Trata-se de REMESSA OFICIAL e APELAÇÃO CÍVEL interpostas em face de sentença (fls. 228/232) que condenou o Instituto Nacional do Seguro Social - INSS a conceder à autora o benefício de Abono de Permanência em Serviço, a partir de 29/12/1992, data do indeferimento administrativo, bem como ao pagamento das parcelas em atraso, acrescidas de juros e correção monetária.

O INSS foi condenado, ainda, ao pagamento das custas processuais e honorários advocatícios de 10% sobre o valor da causa.

Em razões de recurso (fls. 234/236), a Autarquia Previdenciária, renovando a preliminar de carência de ação, pugnou pela extinção do processo ao argumento de ser o pedido inicial juridicamente impossível.

Aduziu que a r. sentença guerreada deixou de observar o disposto no art. 96, inciso IV, da Lei nº 8.213/91, já que a parte autora deixou de apresentar prova de recolhimento das contribuições aos cofres da Autarquia Previdenciária, quanto aos períodos declarados; que as provas apresentadas são frágeis, não servindo de suporte à decretação da procedência do pedido, e que as Certidões expedidas pela Prefeitura Municipal de São Fidelis estão em desacordo com a averbação apresentada, não podendo ser consideradas.

Contrarrazões apresentadas nas fls. 240/242.

O Ministério Público do Estado do Rio de Janeiro opinou nas fls. 244/246, no sentido do não provimento do recurso.

Relatados, decido:

Inicialmente, afasto a preliminar argüida pelo INSS tendo em vista que o benefício foi requerido administrativamente em 05/06/1992 (fl. 75), antes, portanto, do advento da Lei nº 8.870/94, que revogou a Alínea i, do inciso I, do art. 18, da Lei nº 8.213/91, abolindo o direito à percepção do abono de permanência postulado.

Quanto ao mérito, verifica-se que no momento do requerimento administrativo do benefício a segurada apresentou as Certidões de Tempo de Serviço de fls. 77/80, fornecidas pela Prefeitura Municipal de São Fidelis, referentes aos períodos compreendidos entre:

01/03/1961 a 31/12/1963 (02 anos e 10 meses),

01/01/1964 a 31/12/1972 (09 anos),

01/03/1973 a 30/04/1990 (17 anos e 02 meses) e

01/05/1990 a 31/05/1992 (02 anos e 01 mês), totalizando um tempo de serviço correspondente a 30 anos e 01 mês.

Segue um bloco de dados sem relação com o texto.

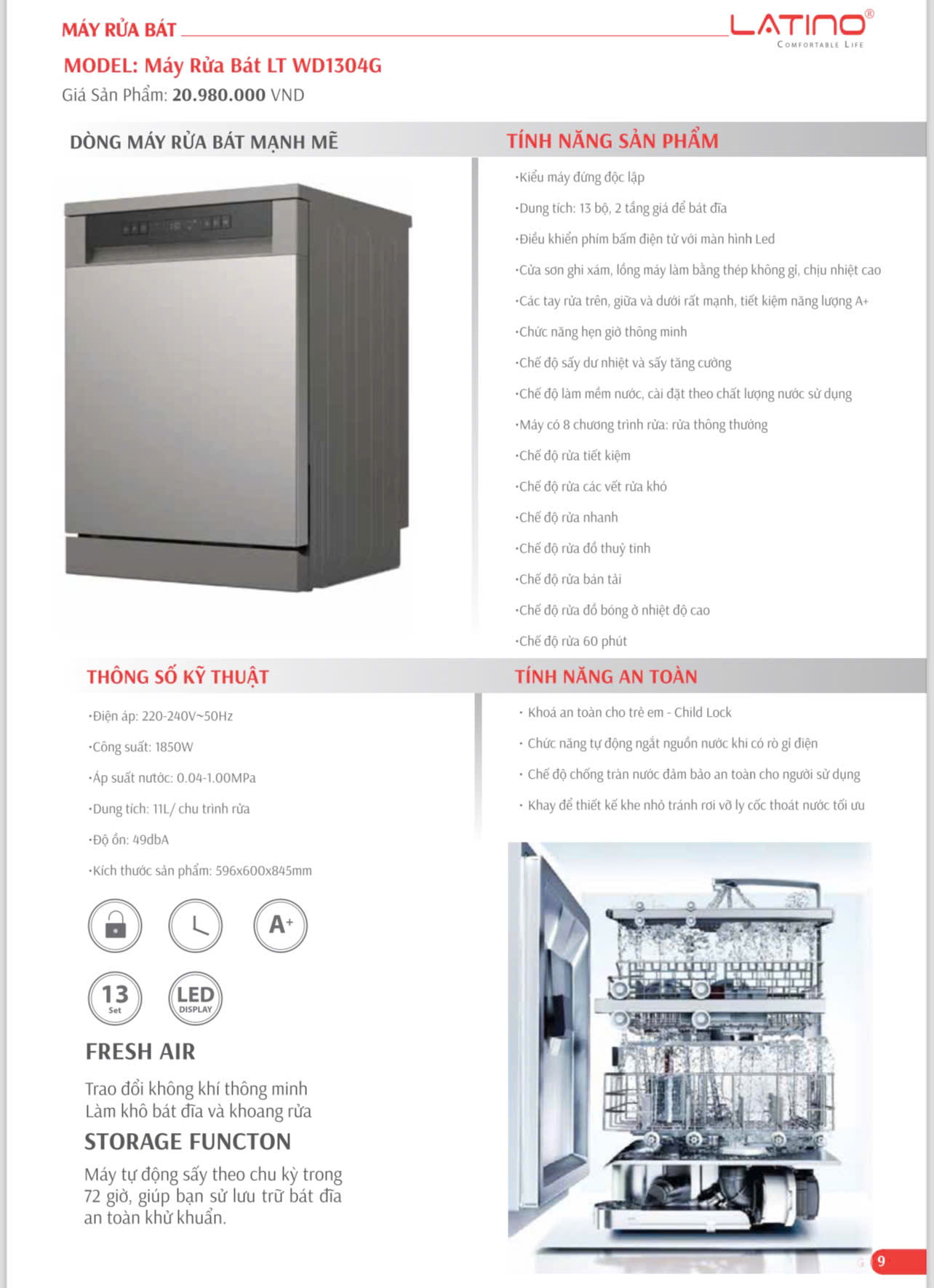 Máy rửa bát LATINO LT-WD1304G không chỉ là thiết bị gia dụng tiện ích mà còn là trợ thủ đắc lực giúp bạn tiết kiệm thời gian và công sức trong việc dọn dẹp bát đĩa. Với thiết kế sang trọng, công nghệ hiện đại và nhiều tính năng ưu việt, đây chắc chắn là sản phẩm không thể bỏ qua.
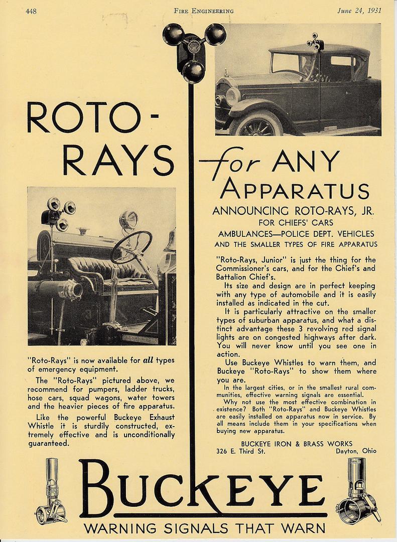The story of the Whirl-E-Bird begins with the original spinning warning light introduced in the early 1930s by Buckeye Iron and Brass Works. Designed to improve visibility on fire apparatus and ambulances, this three-lamp spinning beacon used mechanical motion and front-mounted placement to cut through visual clutter at intersections. At the time, it represented a meaningful advancement over static and early flashing warning lights and quickly became a recognizable feature on fire engines across North America.
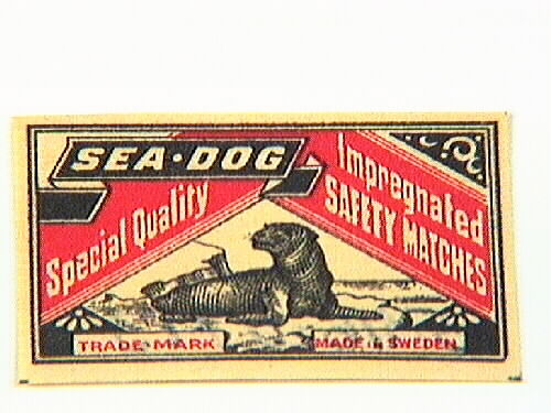 - Etikett i färgerna rött, gult och svart. Bilden föreställer en säl i svart och gult med gul bakgrund. Ovanför sälen, gul text på röd bakgrund: Special Quality. Impregnated. SAFETY MATCHES. Längst upp till vänster en svart banderoll med gul text: SEA DOG. Under bilden, röd text på gul bakgrund: TRADE MARK, MADE IN SWEDEN.
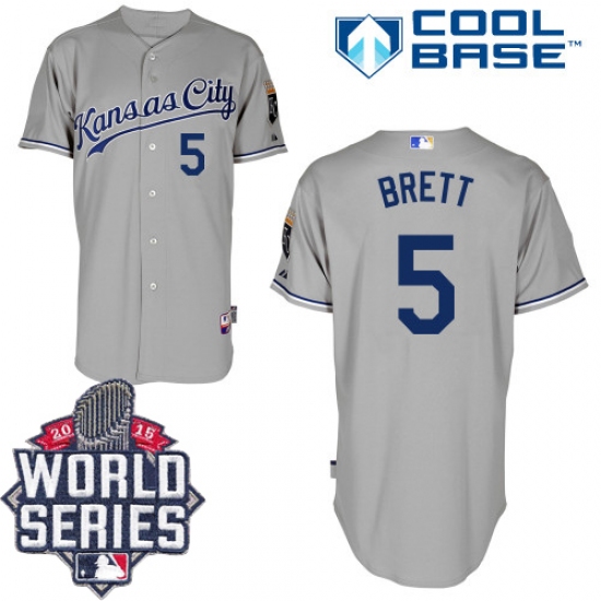 Men's Majestic Kansas City Royals #5 George Brett Authentic Grey Road Cool Base 2015 World Series
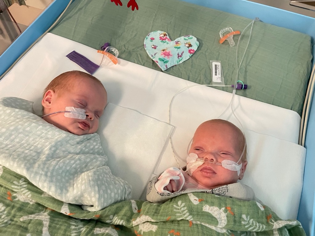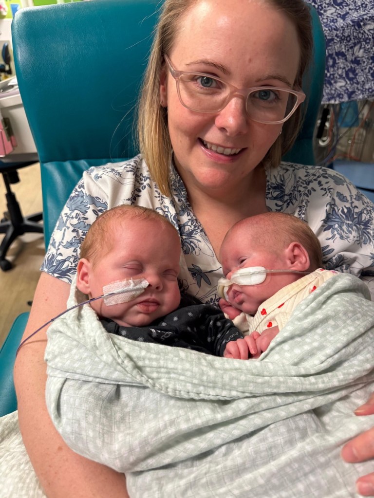 Happily the girls have been making good progress and it was a great moment when the two of them were put together in one cot again when Matilda was put on low flow oxygen and graduated from Intensive Care to Special Care.
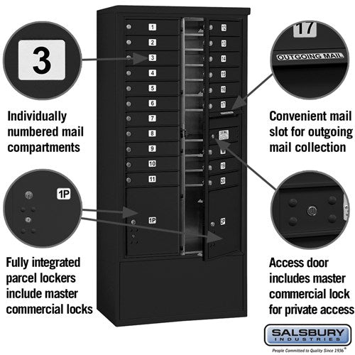 Maximum Height Free-Standing 4C Horizontal Mailbox with 20 Doors and 2 Parcel Lockers in Black with Private Access
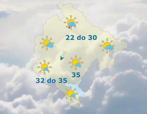 Danas će u južnim i centralnim predjelima Crne Gore biti pretežno sunčano, uz povremeno malu do umjerenu oblačnost. Na sjeveru promjenljivo oblačno sa sunčanim intervalima, ali ponegdje ima uslova i za kratkotrajnu kišu ili pljusak i grmljavinu. Vjetar slab do umjeren, ponegdje pojačan, sjevernih smjerova. Najviša dnevna temperatura vazduha od 22 do 35 stepeni, kazali su iz Zavoda za hidrometeorologiju.
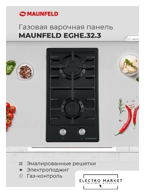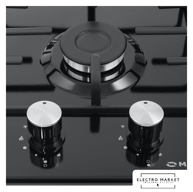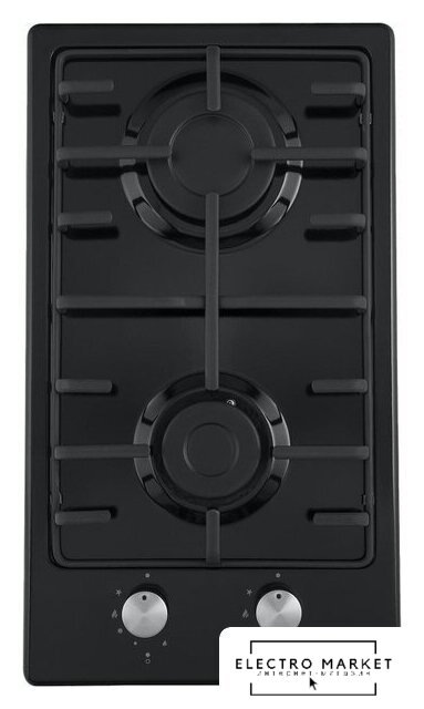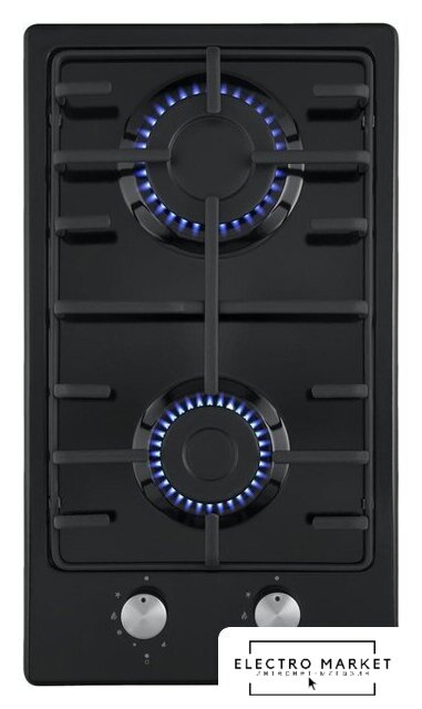 газовая на 2 конфорки, закаленное стекло, мощность: 4300 Вт, автоматический электроподжиг, газ-контроль, решетки: чугун, независимая установка
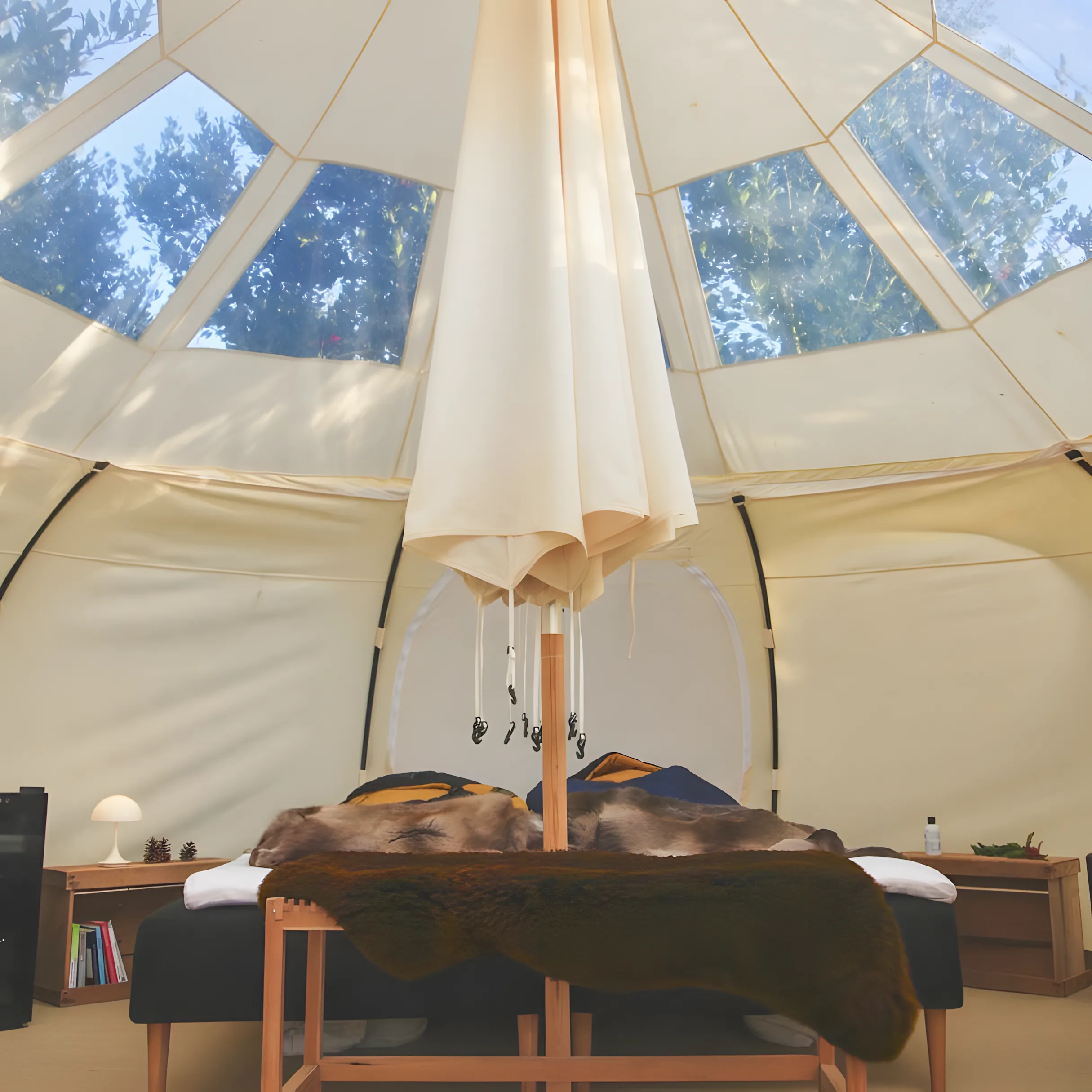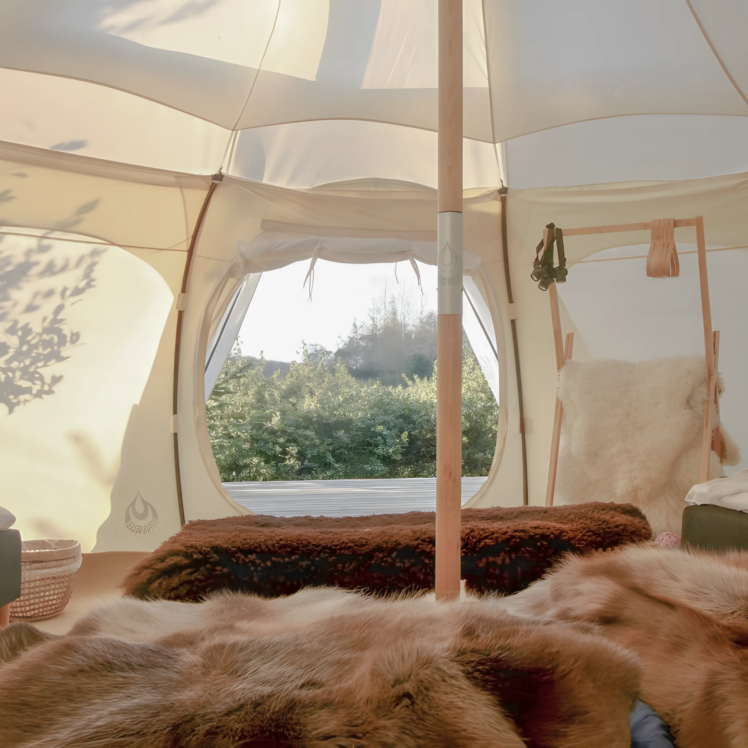 Oplev glamping i eksklusive Lotus Belle-telte, smukt placeret ved alpakafolden. Her bor I midt i naturen – med alpakaerne som nærmeste nabo – uden at gå på kompromis med komfort.
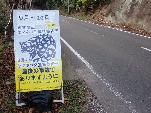 対馬野生生物保護センターでは、仔ネコの目撃情報が相次いでいる上県町佐護に目撃情報看板を設置し、ドライバーへ安全運転の呼びかけを行っています(写真)。運転中に目撃情報看板を目にした際には、道路脇の確認やスピードを緩めるなどの対応を特に心がけていただければと思います。もし、誤ってヤマネコを轢いてしまった際や交通事故にあったヤマネコを見かけた際には対馬野生生物保護センターまでご連絡ください(TEL:0920-84-5577)。
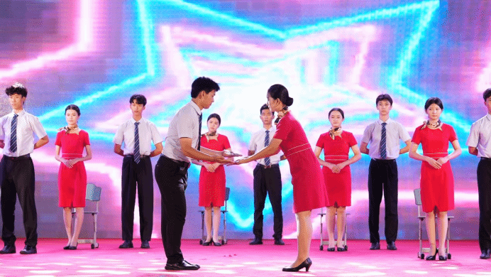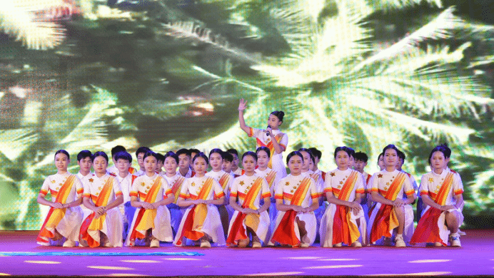 在“自贸新篇”篇中,海南省商业学校的同学以饱满的热情带来诗朗诵《潮起海之南》,让观众真切感受到海南改革开放浪潮中取得的发展奇迹。海口旅游职业学院带来舞蹈《“礼”好 自贸港》,同学们用舒展的肢体诠释千年礼仪之美,用跃动的节拍奏响自贸港的开放之音。《黎韵竹音》将本场展演推向了最高潮,海经贸的同学们身着多姿多彩的黎族服饰,跳起了别具风韵的竹竿舞,传达出青年一代对非遗文化传承和保护的热情和信心。
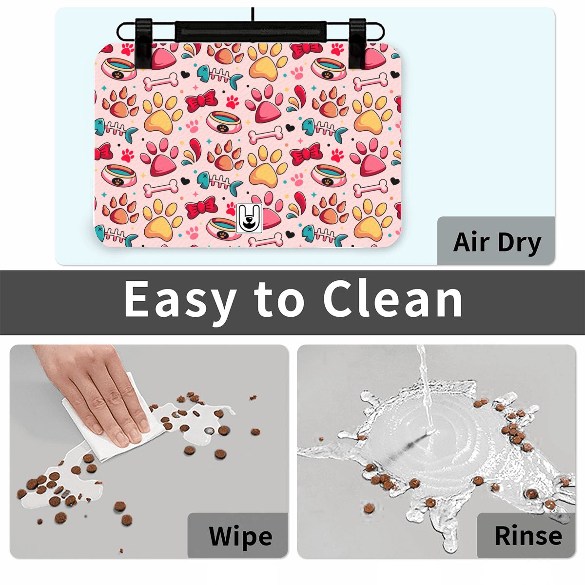 End mealtime madness with the 4PuP Dog Food Mat! This essential barrier is made from food-grade silicone, making it 100% waterproof and a breeze to clean. The non-slip surface keeps bowls in place, while the raised lip locks in spills, drool, and crumbs. Protect your floors and simplify cleanup with the perfect dog bowl mat.
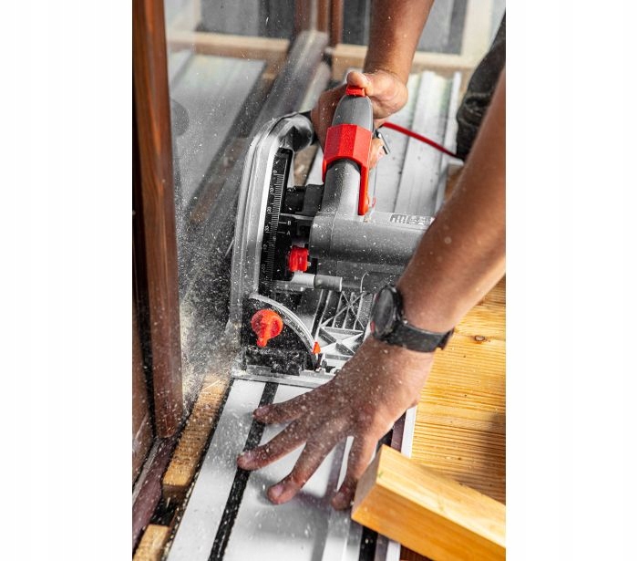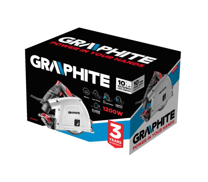 Погружна пилка GRAPHITE потужністю 1200 Вт – це точний пристрій для різання таких матеріалів, як дерево, ламінат або алюміній. Конструкція поглибної пилки дозволяє робити глибокі різи в будь-якому місці матеріалу - без необхідності починати різання з краю, як у випадку з традиційними циркулярними пилками. Пристрій працює з відрізними дисками діаметром 165 мм і дозволяє працювати на регульованій швидкості в діапазоні 2200-5200 об / хв. Для підвищення точності при виконанні більш довгих форматних різів рекомендується використовувати напрямну, яка також доступна в пропозиції торгової марки GRAPHITE. Максимальна товщина різу без направляючої стрічки становить 57 мм, з направляючою стрічкою 52 мм. Прилад оснащений обмежувачем глибини з точною шкалою і індикатором, який дозволяє легко вибрати глибину як при роботі зі смужкою, так і без неї. Лапка врізної пилки оснащена системою регулювання зазору по відношенню до направляючої шини і дозволяє регулювати кут різу в діапазоні 0-47°.

Entretanto, de acordo com a extratificação de fls. 81/82, apenas foram registrados em suas CTPS's os períodos compreendidos entre:

01/03/1973 a 31/12/1973 (10 meses e 01 dia),

01/03/1974 a 31/12/1974 (10 meses e 01 dia),

01/03/1975 a 31/12/1975 (10 meses e 01 dia),

02/01/1976 a 10/06/1992 - data da extratificação da CTPS - (16 anos, 05 meses e 08 dias),

março de 1961 a dezembro de 1967 (06 anos e 10 meses) e

agosto de 1970 a dezembro de 1970 (05 meses), averbados na CTPS nº 80170/374, totalizando um tempo de serviço correspondente a 26 anos, 02 meses e 11 dias, razão pela qual a Autarquia Previdenciária indeferiu o pedido, desconsiderando as Certidões de Tempo de Serviço acima mencionadas.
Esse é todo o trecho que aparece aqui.